- January 11, 2011
- Posted by: Seth Heyman
- Category: Marketing & Advertising Law
On January 10, 2011, Dean Graybill, attorney for the Federal Trade Commission’s Western Regional Office, gave a presentation that highlighted the Commission’s current enforcement priorities. These are the types of offers that are currently under the regulatory microscope:
1. Financial Offers: Offers to resolve consumer financial issues, such as grants, biz op offers, loan modification services, debt settlement, debt consolidation, and tax settlement are number one on the list, because consumers who respond to these offers are often in such dire financial circumstances, and are hence more vulnerable to scams.

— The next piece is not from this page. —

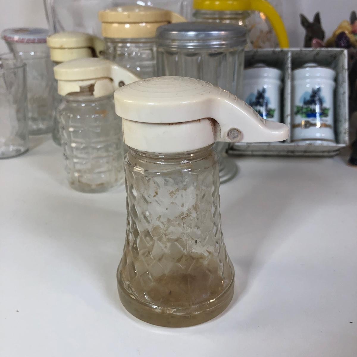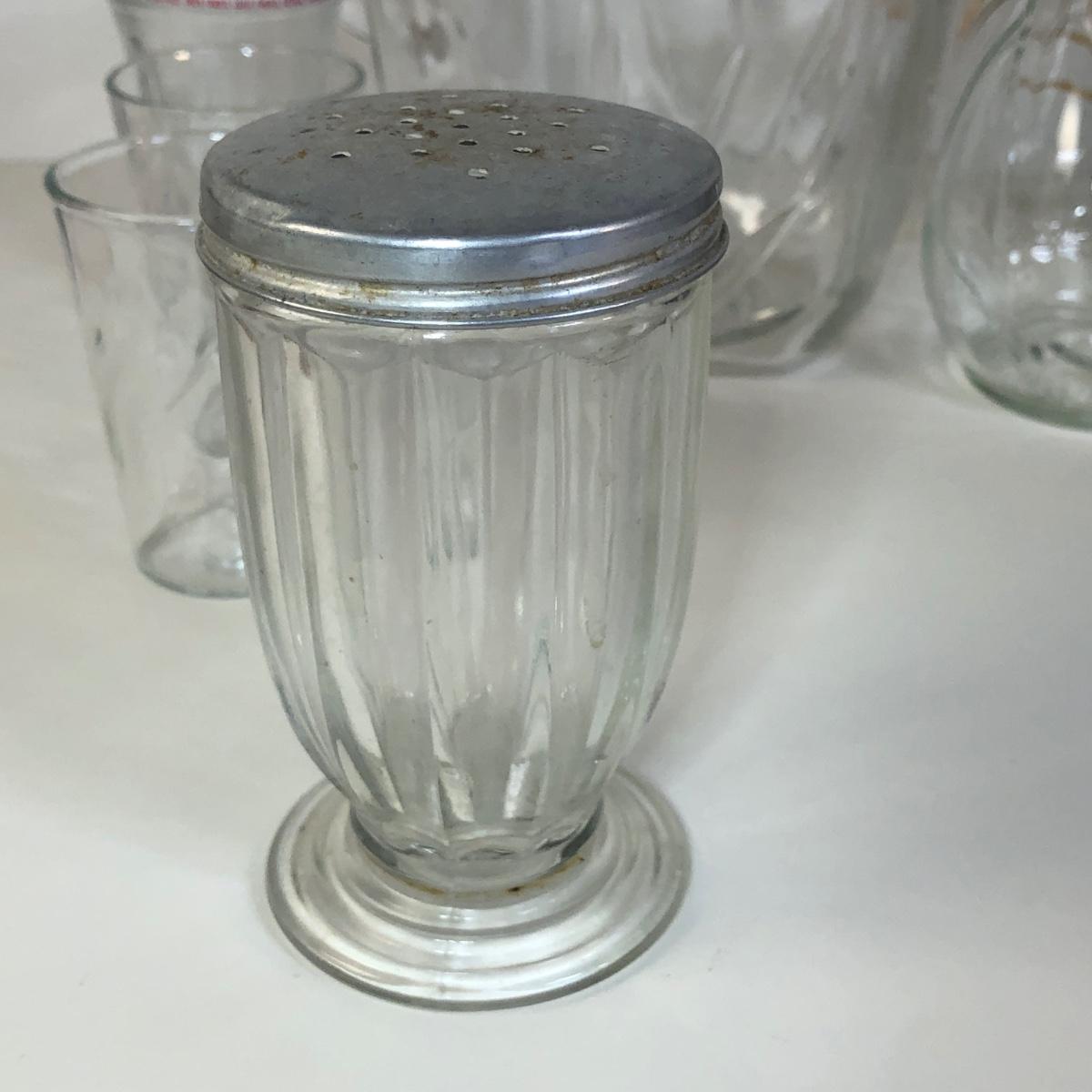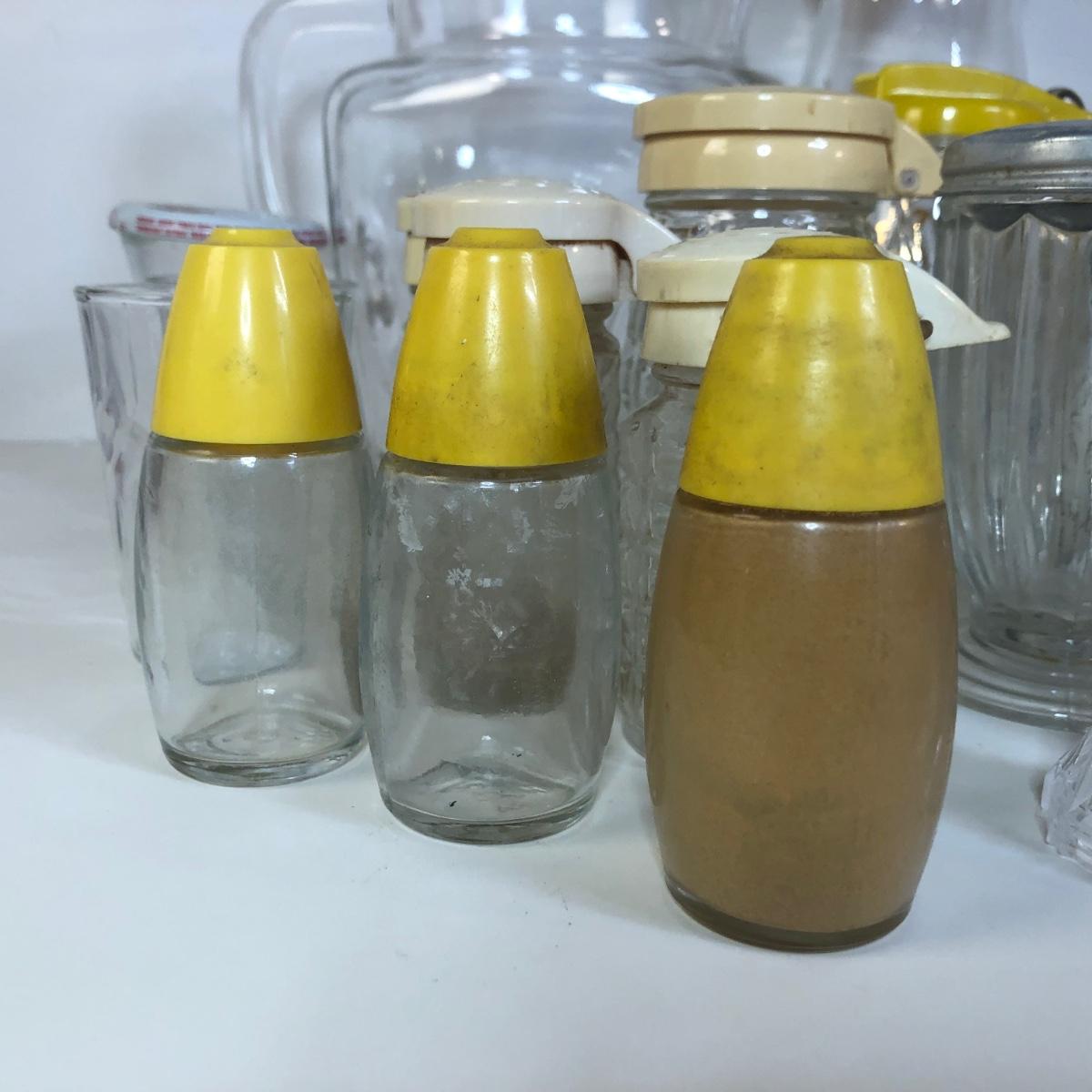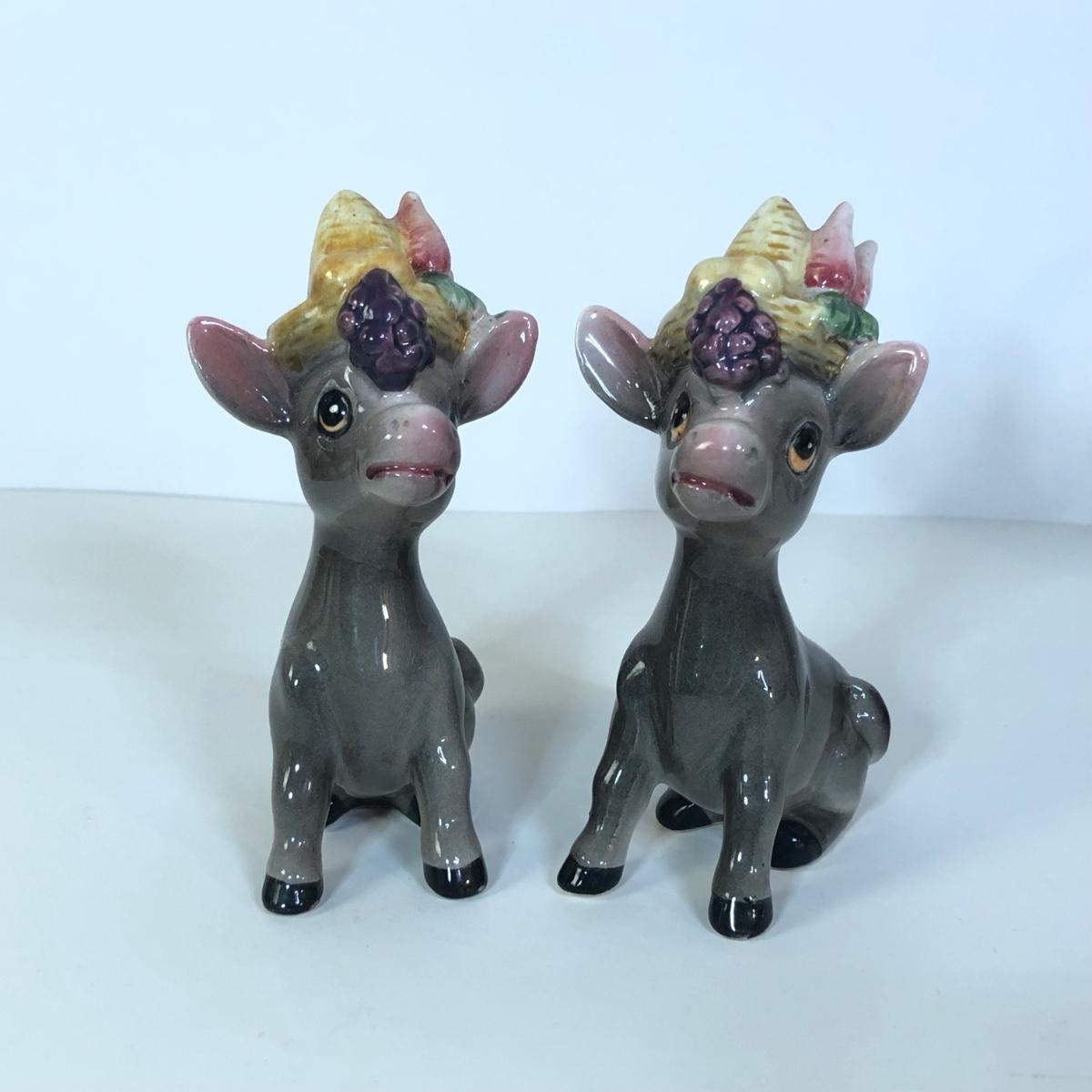 LOT 118M: Vintage Floral Pyrex Pitcher, Glass Juice Pitcher, Disney World Souvenir S&P Shakers, Donkey S&P Shakers & More

Providers and sellers of these services must therefore establish and maintain vigilant compliance procedures.
2. Negative Option Plans, Discount Membership Clubs, and Upsells: The main issue with these products lies with the fact that consumers are not properly informed about the true nature of the offer. These arrangements can be complicated, and special attention should be taken to ensure that the material terms of the offer are spelled out in plain English.
3. Dietary Supplements: A perennial enforcement favorite, diet supplements always draw special attention because of the health benefit claims, which must be supported by demonstrable, objective evidence (i.e., blind clinical studies), if they are to withstand scrutiny. The old standby disclaimer, “results not typical,” will no longer suffice.
4. Free Trials: A “free trial” promotion is often an element of other types of offers, such as negative option billing plans. The issue here is disclosure, or rather lack thereof, along with confusing and contradictory cancellation policies. The watchword here is up front disclosure. Will anything show up on a credit card bill? If so, it’s not free.
5. Affiliate Deception: Merchants often look the other way when affiliates dance across the line when advertising their products. The FTC holds everyone in the chain of commerce responsible for any marketing violations, so merchants themselves cannot sit idly by with their proverbial heads in the sand. If you don’t have an effective affiliate compliance manager, hire one now.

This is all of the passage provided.